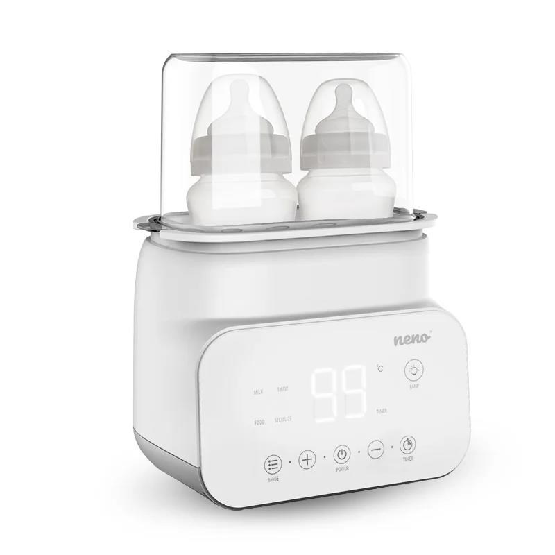 Neno Vita je vybavená funkciou sterilizácie, ktorá vám umožní udržiavať fľaše, cumlíky alebo hrkálky hygienické a sterilné. Pomocou priloženého sitka na fľaše vyberte predmety po sterilizácii bezpečne a pohodlne, aby ste si nepopálili ruky. Prístroj najskôr zohrieva vodu na 100 °C a potom fľaše počas len 10 minút sterilizuje a pripraví na použitie. Zariadenie má funkciu ohrevu mlieka, ktorá umožňuje rýchlo a plynulo zohriať mlieko pre vaše dieťa. Všetko, čo musíte urobiť, je vybrať správnu teplotu v nastavení a začať zohrievať mlieko. Naše zariadenie má funkciu rozmrazovania, ktorá vám umožní rýchlo rozmraziť jedlá pre vaše dieťa a ohnúť ich na zvolenú teplotu, aby boli pripravené na podávanie. Vita je vybavená funkciou ohrievania jedla, ktorá umožňuje jednoduché a rýchle zohrievanie jedla pre vaše bábätko. Vďaka vestavanej funkcii rozmrazovania môžete rozmraziť nielen hotové jedlá a polievky, ale aj tvrdé suroviny ako ovocie, zeleninu a ďalšie. Všetko, čo musíte urobiť, je vložiť mrazené potraviny do nádoby a vybrať možnosť rozmrazovania na displeji. Neno Vita má vestavený nočné osvetlenie, ktoré vám umožní ho kedykoľvek použiť. Lampa je inštalovaná vo vnútri sterilizátora a jemne osvetľuje veko sterilizátora. Sterilizátor Neno Vita je vybavený zobrazovacím panelom, ktorý umožňuje plynulú navigáciu v prístroji a voľbu vhodného nastavenia podľa vašich preferencií. Naše zariadenie má zabudovaný jasný displej, vďaka ktorému sa zariadenie ľahko a intuitívne používa. Neno Vita kombinuje 4 funkcie: sterilizáciu, funkciu ohrevu jedla a mlieka a rozmrazovanie. Všetky tieto funkcie spojené v jednom zariadení zaručujú komfort používania a šetria miesto v kuchyni. Naše zariadenie má moderný a minimalistický dizajn, prehľadný LCD displej a veľké navigačné tlačidlá, vďaka ktorým je používanie jednoduché a pohodlné.
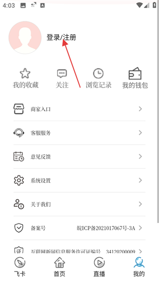 2、在个人中心页面,点击登录注册区域,进入登录页面。
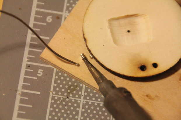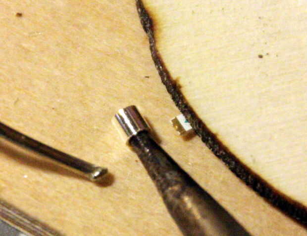 En primer lugar establecer uno de los medallones en la parte superior de la mitad de lo LED. Esto mantenerlo cargado abajo, en el lugar y evitar que la soldadura penetre en el lado no deseado. Luego llevé el tubo de presión en el soldador hasta un poco empastadas de soldadura en y presto! La mitad de su grano es completa. Para la otra mitad, colgadas un montón de los granos de la mitad en un trozo de soldadura y me fui abajo de la línea añadiendo cuentas a los lados. Funcionó bien!

### EXERCISE DIRECTIONS
Transcribe the data exactly, minus any images.

### RESPONSE
 Neno Vita je vybavená funkciou sterilizácie, ktorá vám umožní udržiavať fľaše, cumlíky alebo hrkálky hygienické a sterilné. Pomocou priloženého sitka na fľaše vyberte predmety po sterilizácii bezpečne a pohodlne, aby ste si nepopálili ruky. Prístroj najskôr zohrieva vodu na 100 °C a potom fľaše počas len 10 minút sterilizuje a pripraví na použitie. Zariadenie má funkciu ohrevu mlieka, ktorá umožňuje rýchlo a plynulo zohriať mlieko pre vaše dieťa. Všetko, čo musíte urobiť, je vybrať správnu teplotu v nastavení a začať zohrievať mlieko. Naše zariadenie má funkciu rozmrazovania, ktorá vám umožní rýchlo rozmraziť jedlá pre vaše dieťa a ohnúť ich na zvolenú teplotu, aby boli pripravené na podávanie. Vita je vybavená funkciou ohrievania jedla, ktorá umožňuje jednoduché a rýchle zohrievanie jedla pre vaše bábätko. Vďaka vestavanej funkcii rozmrazovania môžete rozmraziť nielen hotové jedlá a polievky, ale aj tvrdé suroviny ako ovocie, zeleninu a ďalšie. Všetko, čo musíte urobiť, je vložiť mrazené potraviny do nádoby a vybrať možnosť rozmrazovania na displeji. Neno Vita má vestavený nočné osvetlenie, ktoré vám umožní ho kedykoľvek použiť. Lampa je inštalovaná vo vnútri sterilizátora a jemne osvetľuje veko sterilizátora. Sterilizátor Neno Vita je vybavený zobrazovacím panelom, ktorý umožňuje plynulú navigáciu v prístroji a voľbu vhodného nastavenia podľa vašich preferencií. Naše zariadenie má zabudovaný jasný displej, vďaka ktorému sa zariadenie ľahko a intuitívne používa. Neno Vita kombinuje 4 funkcie: sterilizáciu, funkciu ohrevu jedla a mlieka a rozmrazovanie. Všetky tieto funkcie spojené v jednom zariadení zaručujú komfort používania a šetria miesto v kuchyni. Naše zariadenie má moderný a minimalistický dizajn, prehľadný LCD displej a veľké navigačné tlačidlá, vďaka ktorým je používanie jednoduché a pohodlné.
 2、在个人中心页面,点击登录注册区域,进入登录页面。
 En primer lugar establecer uno de los medallones en la parte superior de la mitad de lo LED. Esto mantenerlo cargado abajo, en el lugar y evitar que la soldadura penetre en el lado no deseado. Luego llevé el tubo de presión en el soldador hasta un poco empastadas de soldadura en y presto! La mitad de su grano es completa. Para la otra mitad, colgadas un montón de los granos de la mitad en un trozo de soldadura y me fui abajo de la línea añadiendo cuentas a los lados. Funcionó bien!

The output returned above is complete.